Four elements stand out:
- From guidance to action: A unified agent workstation with real-time intelligence and click-to-execute integrations signals a move beyond passive recommendations toward workflow completion
- From API dependency to desktop-level execution: AXO’s CUA can interact with third-party tools and execute workflows even when APIs are unavailable. That is a meaningful design choice for legacy-heavy environments
- From binary automation to Variable AI distribution: This is one of the more practical parts of the proposition. Enterprises do not want blanket automation, they want controlled deployment by intent, segment, and risk profile. Giving administrators the ability to tune AI-versus-human routing with Key Performance Indicator (KPI) visibility is more relevant than the market’s usual all-or-nothing automation narrative
- From static automation to continuous improvement: AXO’s continuous improvement engine extends the platform beyond orchestration into learning and adaptation.
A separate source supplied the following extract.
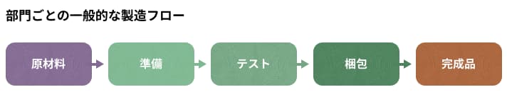 プロセス原価計算は、製造業者が1種類の製品を製造している場合に用いられます。会計担当者は、これらのコストの流れを部門ごとに算出します。たとえば、ある製造業者が酢酸を製造しているとします。個別原価計算書を使用する代わりに、製品が通過する部門ごとに価格を計算します。以下は、部門ごとの一般的な製造フローです。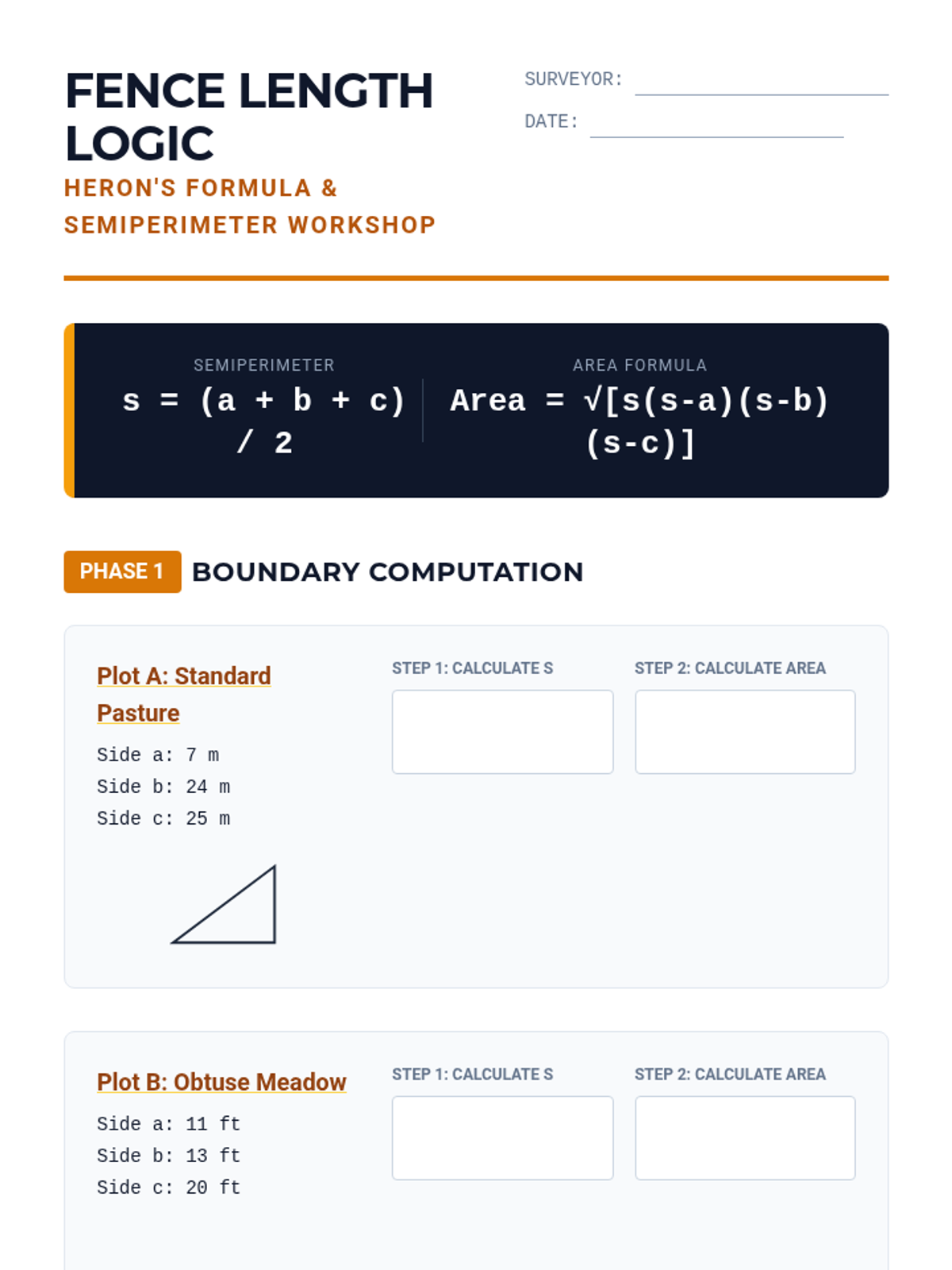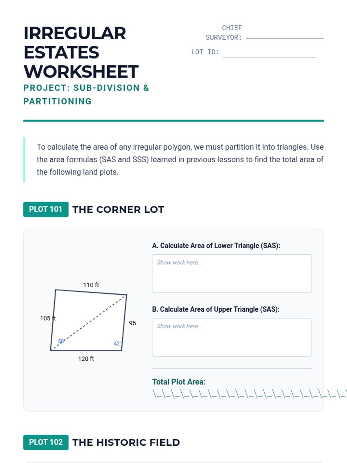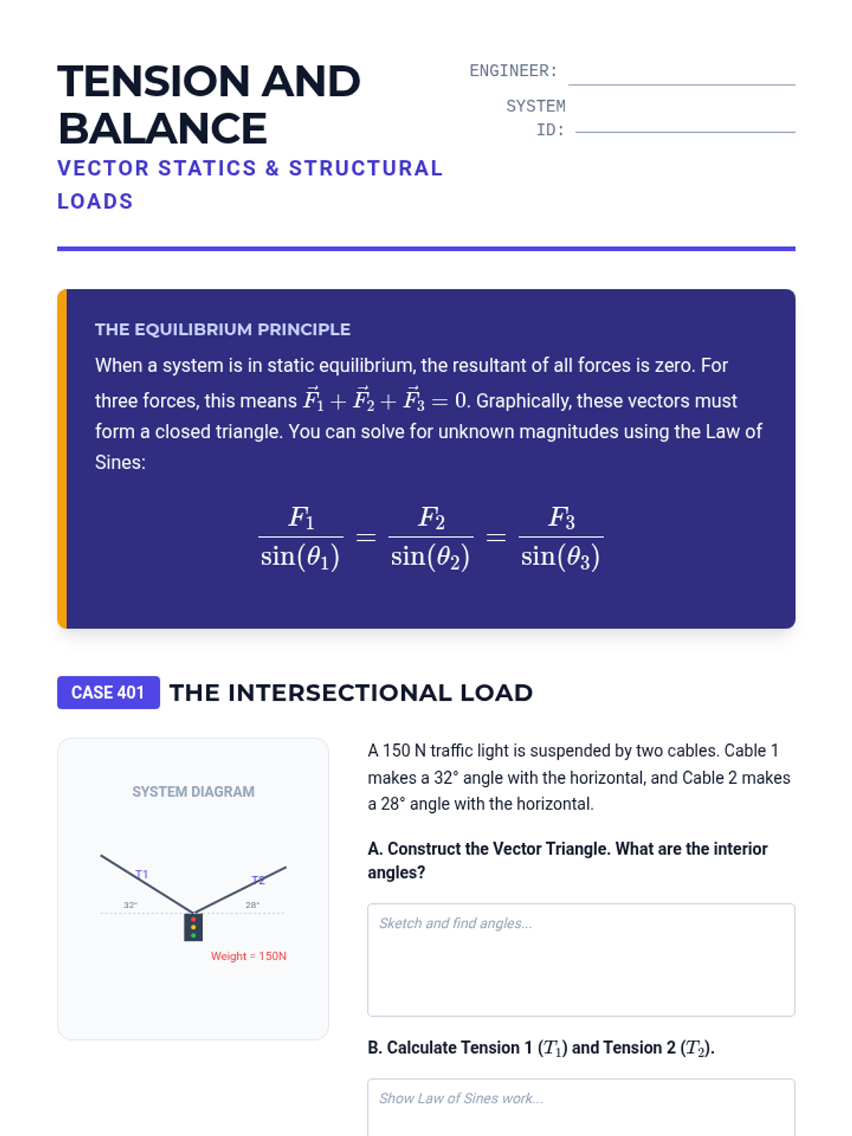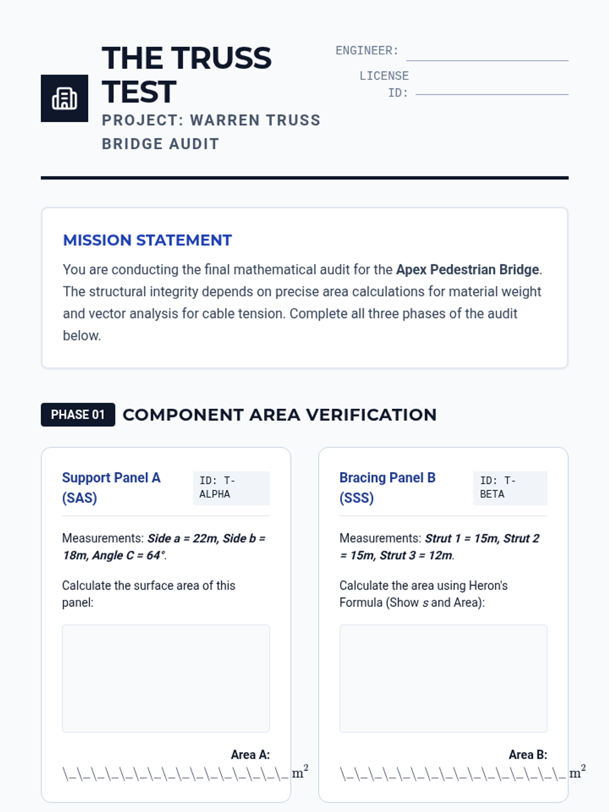 This sequence explores the measurement of area and the analysis of forces using general triangles. Students move beyond the basic 1/2 bh formula to discover how sine and perimeter can define area in oblique scenarios, specifically using Heron's Formula and vector analysis.

If executed well, it could move enterprises from one-time workflow automation to a closed-loop model in which conversation data, operational signals, and knowledge assets continuously refine service delivery
The bigger story is architectural
The more durable part of the AXO story may be its architectural proposition. Many contact centers still rely on technology stacks assembled over time, with new tools layered on to support channels, automation, analytics, and case management. The result is that agents often become the manual integration layer between customer conversations and enterprise systems. AXO is designed to address that problem. It is positioned to overlay onto existing contact center environments, obscure underlying system complexity, maintain context across workflows, and reduce the need for agents to switch across multiple back-office applications.
That has two implications for the market. First, AXO may be especially relevant for legacy enterprises seeking agentic CX outcomes without waiting for full-stack modernization. Second, it gives UJET a more differentiated story for mid-market buyers that may lack large internal teams for API-led integration, workflow engineering, or cross-platform orchestration. In both cases, AXO is as much a deployment-model story as it is a product story. It promises faster time-to-value in messy operating environments, not just more AI layered onto the front end.
There is also a practical human-in-the-loop dimension. Simple, low-value interactions can be automated, while more complex or emotionally charged cases can escalate to a human agent with context preserved and the virtual agent still active in the loop. That is a more grounded model than the replacement-oriented AI narrative, acknowledging that enterprise CX still requires a calibrated mix of autonomy, oversight, and human judgment.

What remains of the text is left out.